UIC joined ministers, members and partners at the annual World Bank and World Resources Institute conference, Transforming Transportation in Washington DC.
The theme this year “Mobilising Finance for Climate Action” aligned well with UIC’s strategic global advocacy work. UIC and its members ensured that rail was on the agenda at this global, high-level event and shared their latest findings on climate finance for railways.
UIC Director General, François Davenne took part in the “Climate Finance in Transport Roundtable: Pooling and Scaling Funding and Financing” organised by the World Bank and World Resources Institute. This discussion explored innovative financing models, examined legal frameworks and how to improve the eligibility of projects for funding. Davenne shared crucial insights from UIC’s groundbreaking study carried out in collaboration with the World Bank, Alstom, the University of Birmingham, and Roland Berger entitled “Bridging the Rail Finance Gap: Challenges and Opportunities for Low and Lower-Middle-Income Countries.”
Railway leaders from Columbia, India, Turkey and Spain highlighted their goals and successes to transform their transport systems through rail investment.
María Constanza García Alicastro, Deputy Minister of Infrastructure at the Ministry of Transport in Colombia, announced that railways were going to play an important role as an investment of 10 billion dollars would allow Columbia to advance and bring back railways to decarbonise logistics as well as help people in cities.

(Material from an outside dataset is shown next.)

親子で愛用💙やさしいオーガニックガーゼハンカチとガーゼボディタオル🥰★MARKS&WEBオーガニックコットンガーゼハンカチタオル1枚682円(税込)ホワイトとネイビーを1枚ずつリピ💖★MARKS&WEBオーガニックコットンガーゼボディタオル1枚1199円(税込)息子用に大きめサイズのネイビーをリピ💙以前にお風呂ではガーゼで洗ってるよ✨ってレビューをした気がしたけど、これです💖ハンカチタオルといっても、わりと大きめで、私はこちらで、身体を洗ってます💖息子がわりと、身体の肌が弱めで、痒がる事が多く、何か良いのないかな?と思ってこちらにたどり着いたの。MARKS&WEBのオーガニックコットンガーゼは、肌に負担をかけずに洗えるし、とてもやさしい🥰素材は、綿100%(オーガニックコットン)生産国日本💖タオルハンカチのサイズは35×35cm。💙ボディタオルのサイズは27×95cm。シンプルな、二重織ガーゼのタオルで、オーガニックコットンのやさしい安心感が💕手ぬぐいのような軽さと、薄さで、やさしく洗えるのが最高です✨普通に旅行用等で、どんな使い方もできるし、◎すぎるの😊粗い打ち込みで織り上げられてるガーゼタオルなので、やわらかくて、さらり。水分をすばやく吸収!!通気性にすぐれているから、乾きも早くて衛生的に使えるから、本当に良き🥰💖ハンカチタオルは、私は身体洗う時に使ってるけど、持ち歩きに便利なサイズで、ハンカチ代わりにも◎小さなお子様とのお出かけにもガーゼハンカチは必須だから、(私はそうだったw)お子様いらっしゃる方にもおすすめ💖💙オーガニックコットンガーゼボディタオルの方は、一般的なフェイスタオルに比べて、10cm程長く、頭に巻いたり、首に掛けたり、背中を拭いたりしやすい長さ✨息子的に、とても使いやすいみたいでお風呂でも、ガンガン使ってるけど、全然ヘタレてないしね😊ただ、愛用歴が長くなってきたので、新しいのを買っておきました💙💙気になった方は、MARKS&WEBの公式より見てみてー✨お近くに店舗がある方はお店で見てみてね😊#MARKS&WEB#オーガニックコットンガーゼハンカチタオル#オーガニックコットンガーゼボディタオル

Srinivas Enamandram, Joint Secretary Logistics for Indian Railways, proudly shared how India was at the forefront of rail electrification, having one of the most electrified railways in the world. This reflects the vision of the Indian Prime Minister to deliver speed, skill and scale to upskill and develop the rail industry’s capacity, with a vision and determination to invest in infrastructure.

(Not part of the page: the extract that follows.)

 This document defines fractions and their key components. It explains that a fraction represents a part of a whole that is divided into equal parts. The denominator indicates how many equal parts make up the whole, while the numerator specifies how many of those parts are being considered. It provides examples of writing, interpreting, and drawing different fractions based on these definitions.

Enver İskurt, Turkish Deputy Minister of Transport and Infrastructure, highlighted that railways were their preferred mode of transport, providing good value for money as well as being environmentally friendly. He announced that 65% of Türkiye’s 2024 transport spending would go to railways, equivalent to around 30 million US dollars.

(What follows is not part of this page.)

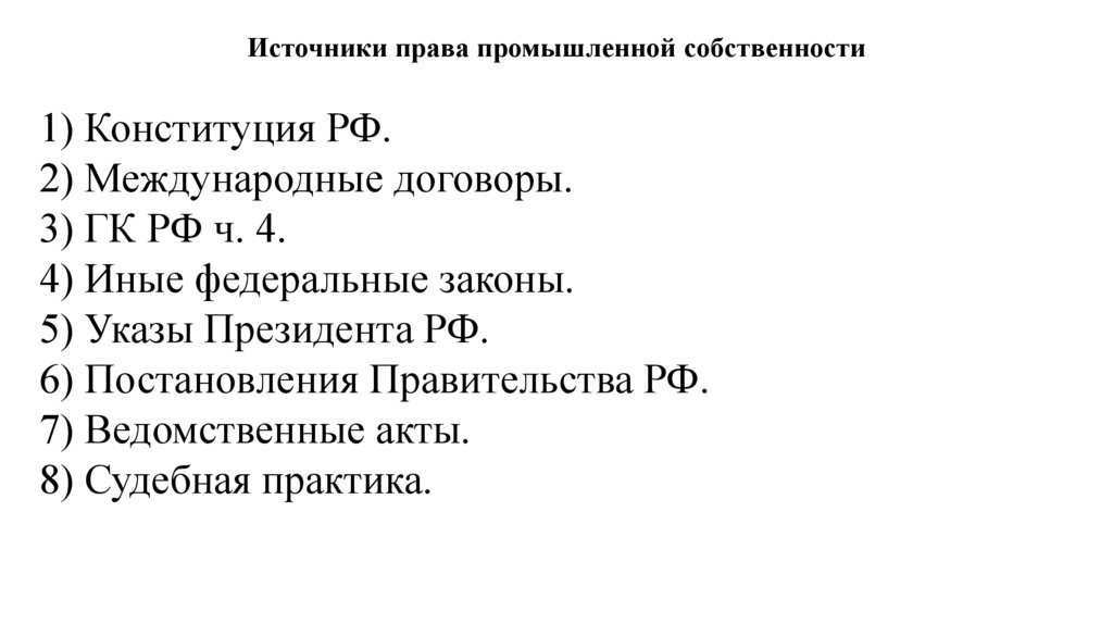 Источники права промышленной собственности1) Конституция РФ.

The impressive energy efficiency of modern trains in Spain was discussed in the special session on “Spain Going Green”. María Luisa Domínguez González, ADIF Strategic Plans and Projects Director and Advisor to the Board, shared the benefits of harnessing regenerative braking systems and the importance of linking this to active travel. She further presented how competition had been bringing prices down and supporting a clear modal shift to rail.
During the joint UIC and World Bank meeting, “Unlocking the Potential of Railways through Climate Finance”, the expert panel discussed how to unlock the estimated 300 billion US dollars of annual additional investment needed for the necessary improvement and expansion of rail networks.
Martha Lawrence, Senior Railway Specialist at the World Bank, presented the findings of the new World Bank report aimed at closing the finance gap and maximising the railway’s potential to combat climate change. The report, launched last week, explores some of the most promising solutions alongside the ability to increase financing for the sector, especially through mobilising private capital and tapping into climate-specific financing instruments such as climate funds, carbon finance and green bonds. The São Paulo Metro, India, and Cairo rail projects shared case studies and the resulting conclusions. Lucie Anderton, UIC Head of Sustainability and North America Coordinator, outlined the key recommendations from the UIC study.
“If low and lower-middle income countries grew the rail market share from the current 2% up to 8% (approx. the current global average) we could avoid a total of 1.8Gt of carbon emissions by 2050. Finance is the biggest hurdle in expanding, adapting, modernising and connecting the rail network in the poorest countries. Our study gives recommendations for increasing rail project investment in LICs and LMICs.
Governments can:
- Implement policies to encourage investment in rail by aligning with standardised technical specifications and incentivising a modal shift.
- Enable rail projects to benefit from carbon credits for reducing emissions, which could partially fund and de-risk infrastructure projects or rolling stock purchases.
- Use rail investment to rebuild and adapt infrastructure under Article 6 of the Paris Agreement as well as loss and damage funds.
International financial institutions (IFIs) can:
- Update cost benefit analysis methods for rail projects, prioritise low-carbon modes of transport, and target increasing finance allocated to rail.
- Work to de-risk rail projects and support LICs and LMICs with technical assistance.”
The global goals and aims for rail are constantly evolving and transport leaders are seeing new opportunities, however questions about finance still remain.
The Transforming Transportation conference therefore provided an opportunity for UIC via Philippe Lorand, UIC Director of Institutional Relations, to evaluate the progress made in the sector with the various IFIs and UIC partners who were in attendance. Bilateral meetings were held to discuss developments in each of the six UIC regions, each IFI’s action plan, and the possibility for further collaboration being reviewed between UIC and the institution in question.
UIC will continue to advocate for sustainable growth in rail and has started to explore relevant solutions while continuing to work with finance stakeholders to accelerate change.